Too much public land is being privatised, she says, noting that the housing manager in Dublin City Council, Brendan Kenny recently warned the housing committee that the council will run out of land by 2025.
She is not impressed with a lack of action at another similar site, O’Devaney Gardens,she says.
Councillors were put under a lot of pressure to go along with the plans for O’Devaney Gardens, she says, and they did so under the strict understanding that the site would be developed very quickly.
The builders there were supposed to be breaking ground by July, she says.
Instead, a planning application has still not been submitted and the length of the delay is worrying, she says.
The Oscar Traynor Road deal is “bad value for public land”, said Social Democrats Councillor Patricia Roe, at the meeting. “Approved housing bodies can build for less.”

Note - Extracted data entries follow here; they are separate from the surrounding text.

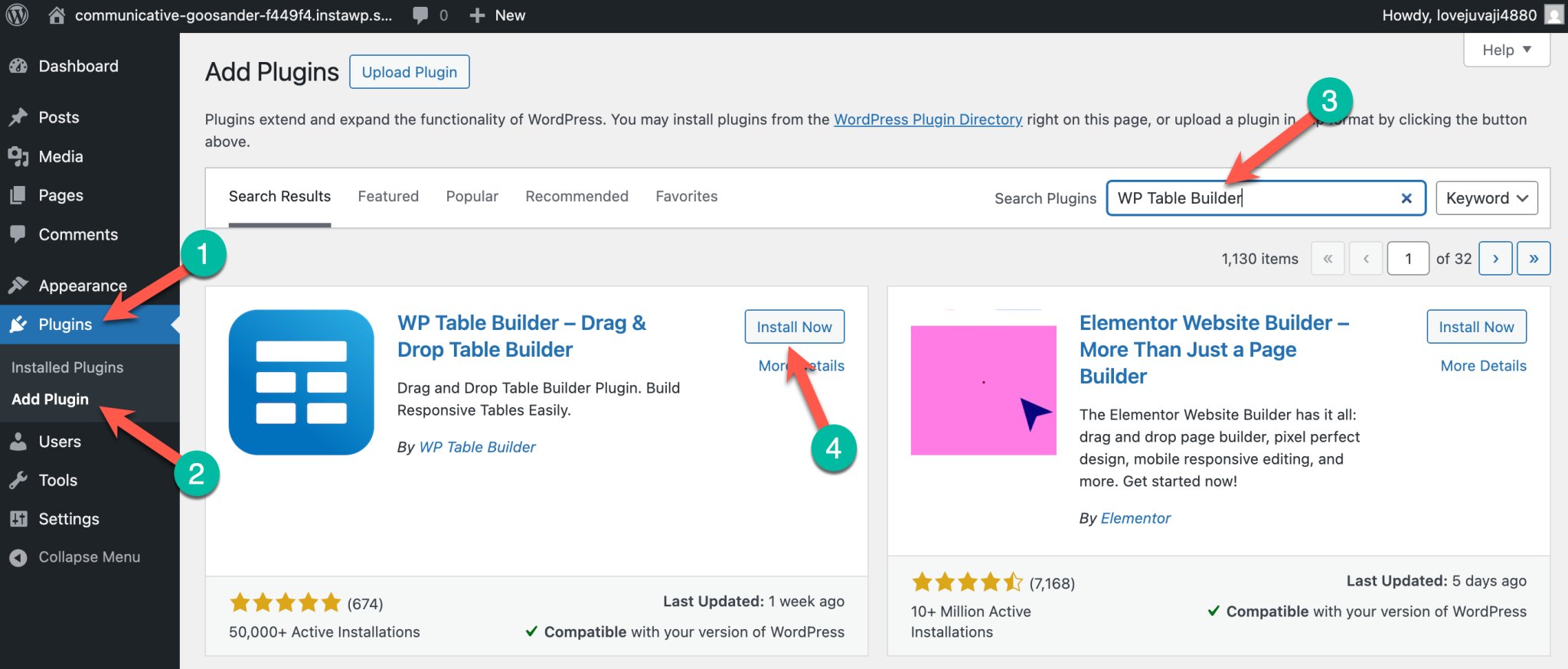 Step 2: Install and Activate WP Table Builder
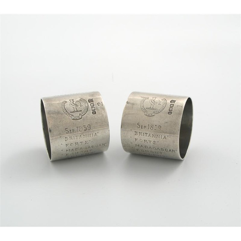 circualr form, engraved with a crest and 'Sept 1859' 'BRITANNIA' 'FORTE' 'MADAGASCAR' 'EGMONT' 'ARDENT' 'VICTORY' 'RESISTANCE' 'AURORA' 'WOLVERENE' 'MEEANNE' 'RODNEY' 'HART' 'SIRIUS' 'FAVORITE' 'HIMALAYA' 'EXCELLENT' 'CAMBRIDGE' 'HUMBER' 'FIREFLY' 'ORWELL' 'C.G.GALWAY' 'Jan 31ST 1890', approx. weight 3.4oz. (2)
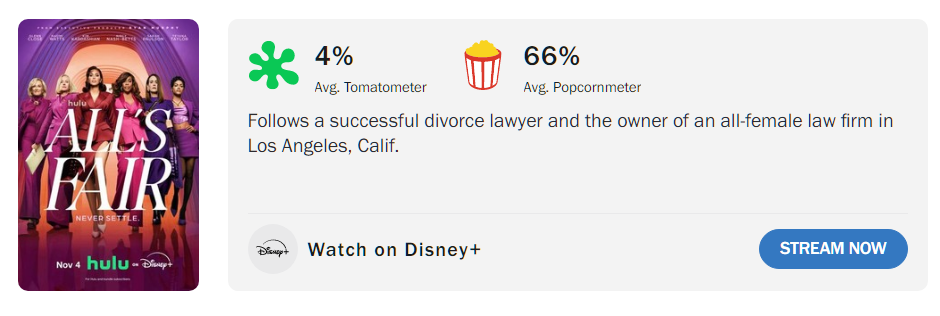 由金卡戴珊、娜奥米沃茨、莎拉保罗森、格伦克洛斯主演的律政剧《诉讼女王》(All's Fair),11月4日在迪士尼旗下的流媒体平台Hulu上率先放出了第一季的头三集。不承想,由艾美奖得主、《欢乐合唱团》和《美国恐怖故事》的幕后主脑瑞恩墨菲打造的这部星光熠熠的九集迷你剧,很快就收到近年来最令人咋舌的负面评价,其中不乏零星差评。一时之间,几乎所有媒体都在讨论:现象级的《诉讼女王》会不会就是人类历史上最烂的一部电视剧?
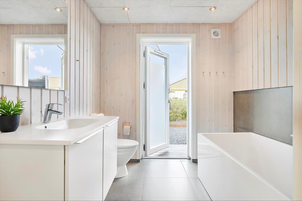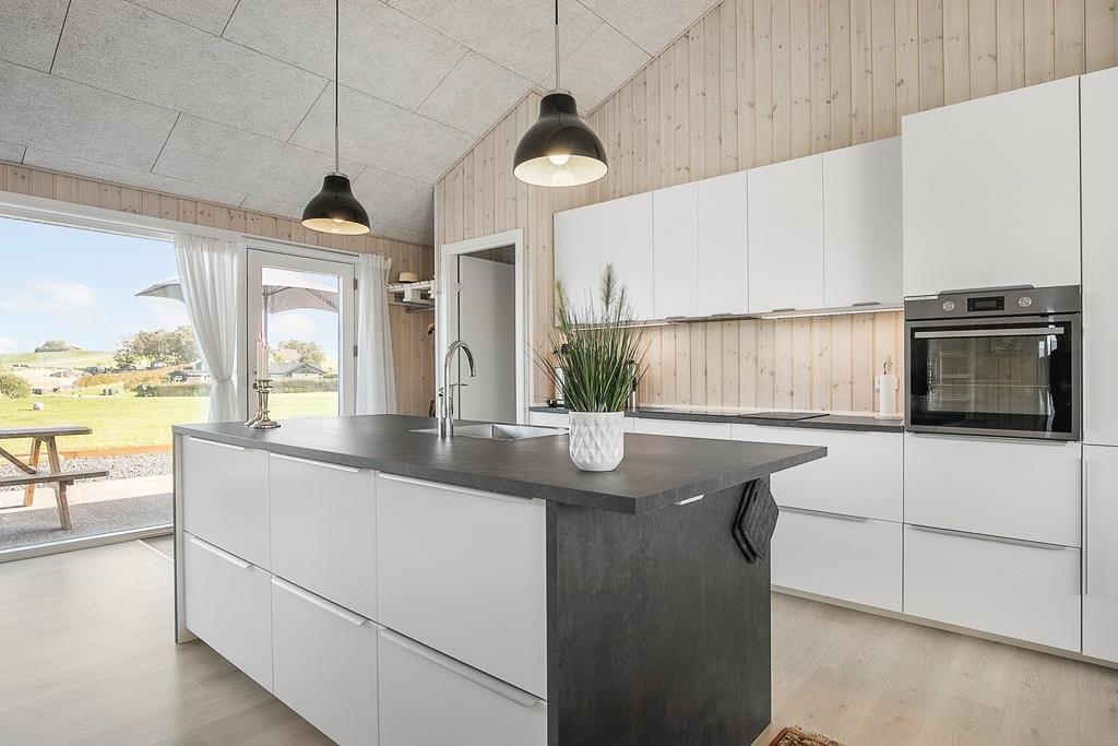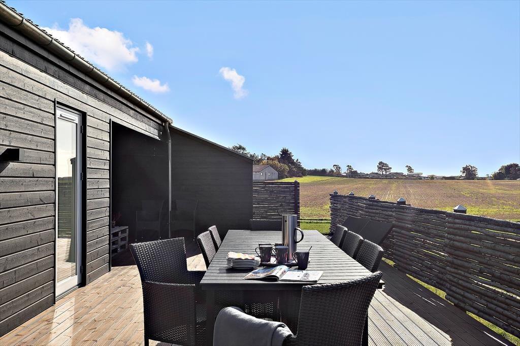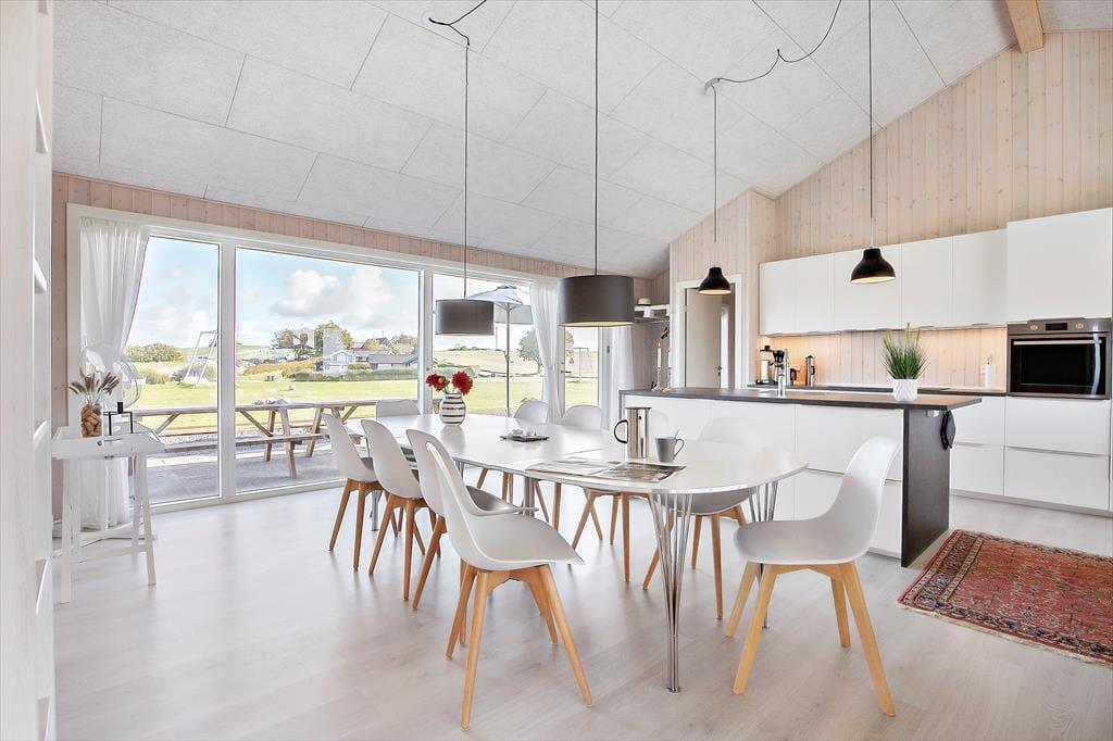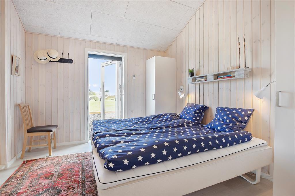 Nyt flot helårsisoleret sommerhus fra 2021 opført i en moderne arkitektur med en intim og hyggelig sommerhusatmosfære og en gennemtænkt indretning. Huset fremstår således med et elegant og gennemtænkt designtwist. Stor stue med loft til kip og store vinduespartier, som er opdelt i spiseafdeling samt opholdsstue, hvorfra der er udgang til delvis overdækket træterrasse. Lækkert og funktionelt køkken med god plads som er integreret med den store stue. Køkkenet indeholder kogeplader med induktion, indbygget ovn, mikroovn, opvaskemaskine og køleskab med fryser. Opholdsstue med chaiselong sofa, god spiseplads, Smart TV med danske DR kanaler samt mulighed for Streaming til TV2 Play, Netflix og Viaplay (kræver eget abonnement) og parabol med tyske kanaler. To badeværelser, et med bruseniche, vaskemaskiner og tørretumbler og et med bruseniche og badekar. Fire soveværelser, alle med dobbeltsenge (2 enkeltsenge som er sat sammen). Herudover er der en hems med stort vinduesparti med to ekstra sovepladser på madrasser.

Roe also queried whether the private homes could be sold off in bulk to an investment trust.
That is a possibility, as it is up to the developer how it chooses to sell the private homes, said Dinnegan.
For the plans to go ahead the council has to agree to transfer the land to the developers Glenveagh.
A report will be presented to the full council, likely in November and it could be a tight vote, says Social Democrats councillor Catherine Stocker, who said her party which backed the last public private partnership at O’Devaney Gardens will vote against this one.